Totally agree with your point - I didn’t read the education definition as prescriptive (ie. “Here’s how you win”) but rather, here are the core tenants and helping folks close their knowledge gap to the present asap. Once they are at the current state, they can participate in innovating more effectively. I also agree that this number could be low, if you expanded the target audience to include “players” who also need educating.

I don’t think it’s the right number - but it’s a good start and it’ll make an impact. Ultimately I think you’d want to see this expanding with this being a starting point. I don’t think that the emphasis in “Investment” should be overweight towards games per se (which is how the proposal reads) vs. generally deployed by merit across the categories of Content, Distribution, Infrastructure Tools & Services. It’s really easy to just go spend a bunch of money on games - The issue is that they take a long time to build and the market is moving quickly, but safely enabling world-class gamemakers, game technologists and enabling new methods and distribution to evolve with support so that they can generate the long run learning that will deliver the type of market adoption/expansion & returns that we’d all like to see from gaming around the blockchain should be prioritized.

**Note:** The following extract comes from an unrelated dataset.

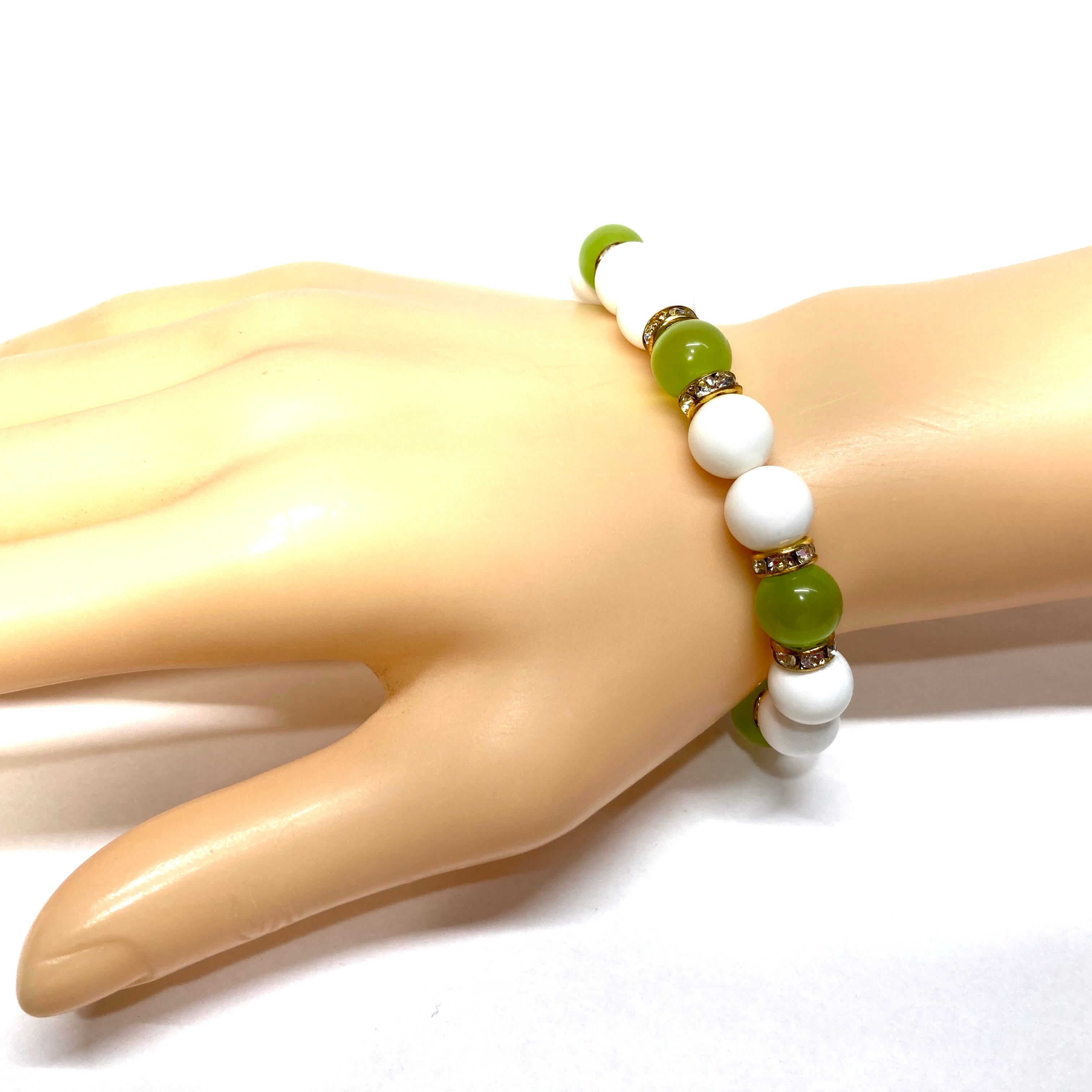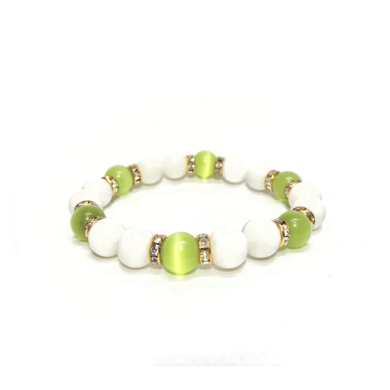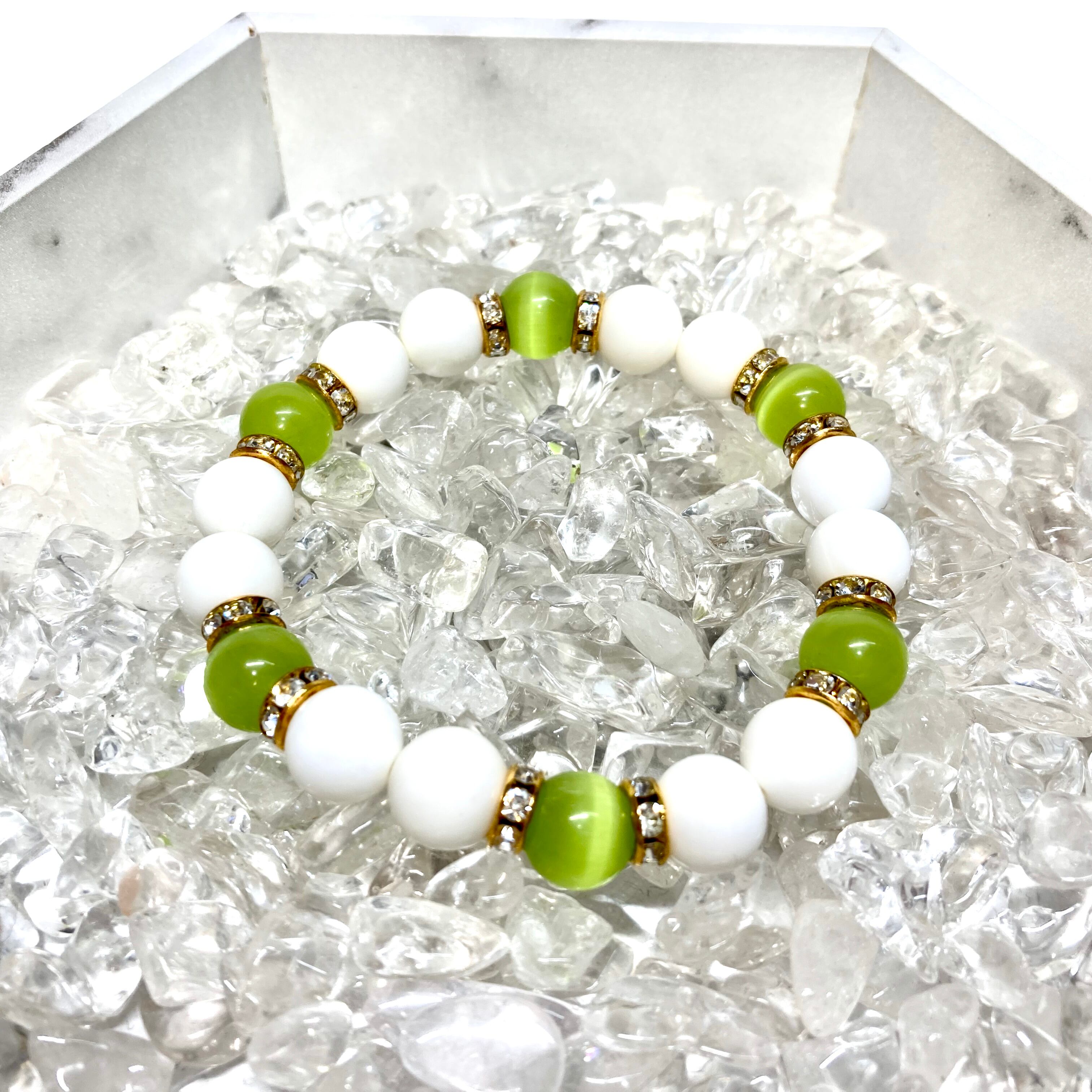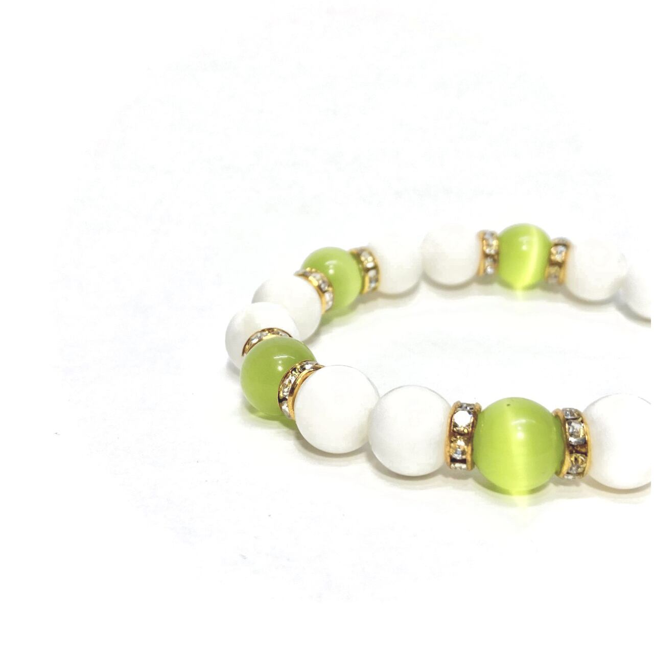 こちらは、キャッツアイとホワイトオニキスを組み合わせたブレスレットです。間にはロンデルを挟み高級感あるデザインに仕上がっています。石大きさは腕にも馴染みやすいように10mm玉で内周約16cm(伸可能)です。数に限りがございますので気になる方はお早めにどうぞ。

I read the proposal as $100m today and subsequent capital is contingent on community partner votes and milestones defined in the bootstrapping stage. From a marketing standpoint, and pragmatically speaking a $500m fund will create its own deal-flow where as a $100m fund, is just another $100m fund. I think for Game7 to fulfil it’s potential, it should also be the winning fund, as well as one that is true to the ideals of the DAO.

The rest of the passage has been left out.